**Data section:**
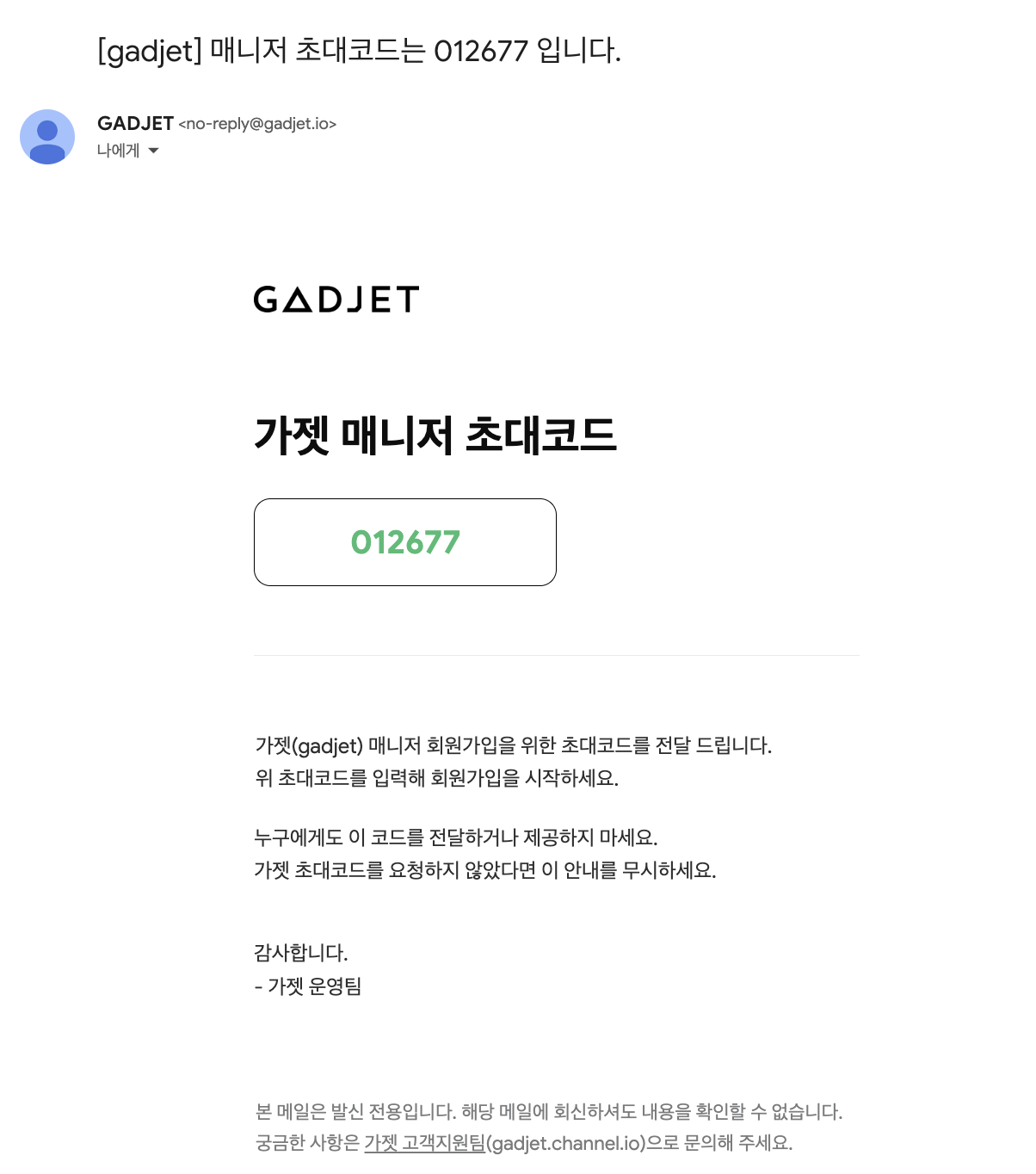 GADJET 인증 코드와 초대코드 메일을 받고 굉장히 '심플'한 디자인이라서 새삼 놀라웠던
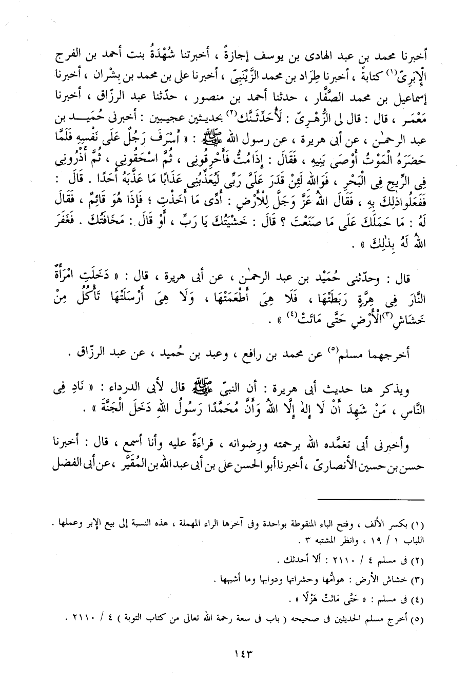 أَخْبَرَنَا مُحَمَّدُ بْنُ عَبْدِ الْهَادِي بْنِ يُوسُفَ إِجَازَةً أَخْبَرَتْنَا شُهْدَةُ بِنْتُ أَحْمَدَ بْنِ الْفَرَجِ الإِبَرِيُّ كِتَابَةً أَخْبَرَنَا طِرَادُ بْنُ مُحَمَّدٍ الزَّيْنَبِيُّ أَخْبَرَنَا عَلِيُّ بْنُ مُحَمَّدِ بْنِ بِشْرَانَ أَخْبَرَنَا إِسْمَاعِيلُ بْنُ مُحَمَّدٍ الصَّفَّارُ حَدَّثَنَا أَحْمَدُ بْنُ مَنْصُورٍ حَدَّثَنَا عَبْدُ الرَّزَّاقِ أَخْبَرَنَا مَعْمَرٌ قَالَ قَالَ لِي الزُّهْرِيُّ لأُحَدِّثَنَّكَ بِحَدِيثَيْنِ عَجِيبَيْنِ أَخْبَرَنِي حُمَيْدُ بْنُ عَبْدِ الرَّحْمَنِ عَنْ أَبِي هُرَيْرَةَ عَن رَسُول الله صلى الله عَلَيْهِ وَسلم أَسْرَفَ رَجُلٌ عَلَى نَفْسِهِ فَلَمَّا حَضَرَهُ الْمَوْتُ أَوْصَى بَنِيهِ فَقَالَ إِذَا مِتُّ فَأَحْرِقُونِي ثُمَّ استحقوني ثمَّ أذروني فِي الرّيح فِي الْبَحْر فوَاللَّه لَئِنْ قَدَرَ عَلَيَّ رَبِّي لَيُعَذِّبَنِّي عَذَابًا مَا عَذَّبَهُ أَحَدًا قَالَ فَفَعَلُوا ذَلِكَ بِهِ فَقَالَ اللَّهُ عَزَّ وَجَلَّ لِلأَرْضِ أَدِّي مَا أَخَذْتِ فَإِذَا هُوَ قَائِمٌ فَقَالَ لَهُ مَا حَمَلَكَ عَلَى مَا صَنَعْتَ قَالَ خَشْيَتُكَ يَا رَبِّ أَوْ قَالَ مَخَافَتُكَ فَغَفَرَ اللَّهُ لَهُ بِذَلِكَ
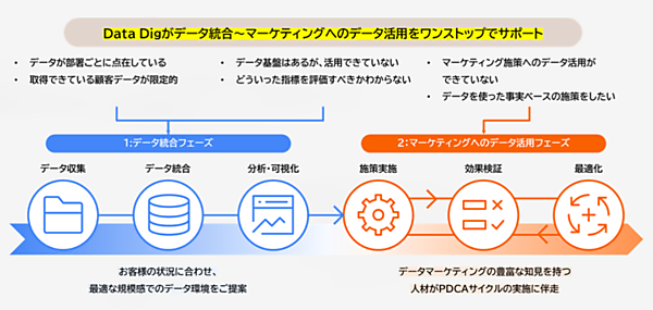 Data DigはCookie(クッキー)レスに対応したデジタルコミュニケーション戦略の推進支援サービス。ユーザーデータの収集・活用の重要度が高まる中、専門人材の不足から効果が上げられなかったり、デジタルマーケティングでCookie(クッキー)規制に伴う代替技術や対策の遅れが目立っていたりすることから、新たにデータ統合支援・活用サービスを提供することにした。

**Task goal:** Without copying any picture, repeat the full listing above word for word.

**Task solution:**
 GADJET 인증 코드와 초대코드 메일을 받고 굉장히 '심플'한 디자인이라서 새삼 놀라웠던
 أَخْبَرَنَا مُحَمَّدُ بْنُ عَبْدِ الْهَادِي بْنِ يُوسُفَ إِجَازَةً أَخْبَرَتْنَا شُهْدَةُ بِنْتُ أَحْمَدَ بْنِ الْفَرَجِ الإِبَرِيُّ كِتَابَةً أَخْبَرَنَا طِرَادُ بْنُ مُحَمَّدٍ الزَّيْنَبِيُّ أَخْبَرَنَا عَلِيُّ بْنُ مُحَمَّدِ بْنِ بِشْرَانَ أَخْبَرَنَا إِسْمَاعِيلُ بْنُ مُحَمَّدٍ الصَّفَّارُ حَدَّثَنَا أَحْمَدُ بْنُ مَنْصُورٍ حَدَّثَنَا عَبْدُ الرَّزَّاقِ أَخْبَرَنَا مَعْمَرٌ قَالَ قَالَ لِي الزُّهْرِيُّ لأُحَدِّثَنَّكَ بِحَدِيثَيْنِ عَجِيبَيْنِ أَخْبَرَنِي حُمَيْدُ بْنُ عَبْدِ الرَّحْمَنِ عَنْ أَبِي هُرَيْرَةَ عَن رَسُول الله صلى الله عَلَيْهِ وَسلم أَسْرَفَ رَجُلٌ عَلَى نَفْسِهِ فَلَمَّا حَضَرَهُ الْمَوْتُ أَوْصَى بَنِيهِ فَقَالَ إِذَا مِتُّ فَأَحْرِقُونِي ثُمَّ استحقوني ثمَّ أذروني فِي الرّيح فِي الْبَحْر فوَاللَّه لَئِنْ قَدَرَ عَلَيَّ رَبِّي لَيُعَذِّبَنِّي عَذَابًا مَا عَذَّبَهُ أَحَدًا قَالَ فَفَعَلُوا ذَلِكَ بِهِ فَقَالَ اللَّهُ عَزَّ وَجَلَّ لِلأَرْضِ أَدِّي مَا أَخَذْتِ فَإِذَا هُوَ قَائِمٌ فَقَالَ لَهُ مَا حَمَلَكَ عَلَى مَا صَنَعْتَ قَالَ خَشْيَتُكَ يَا رَبِّ أَوْ قَالَ مَخَافَتُكَ فَغَفَرَ اللَّهُ لَهُ بِذَلِكَ
 Data DigはCookie(クッキー)レスに対応したデジタルコミュニケーション戦略の推進支援サービス。ユーザーデータの収集・活用の重要度が高まる中、専門人材の不足から効果が上げられなかったり、デジタルマーケティングでCookie(クッキー)規制に伴う代替技術や対策の遅れが目立っていたりすることから、新たにデータ統合支援・活用サービスを提供することにした。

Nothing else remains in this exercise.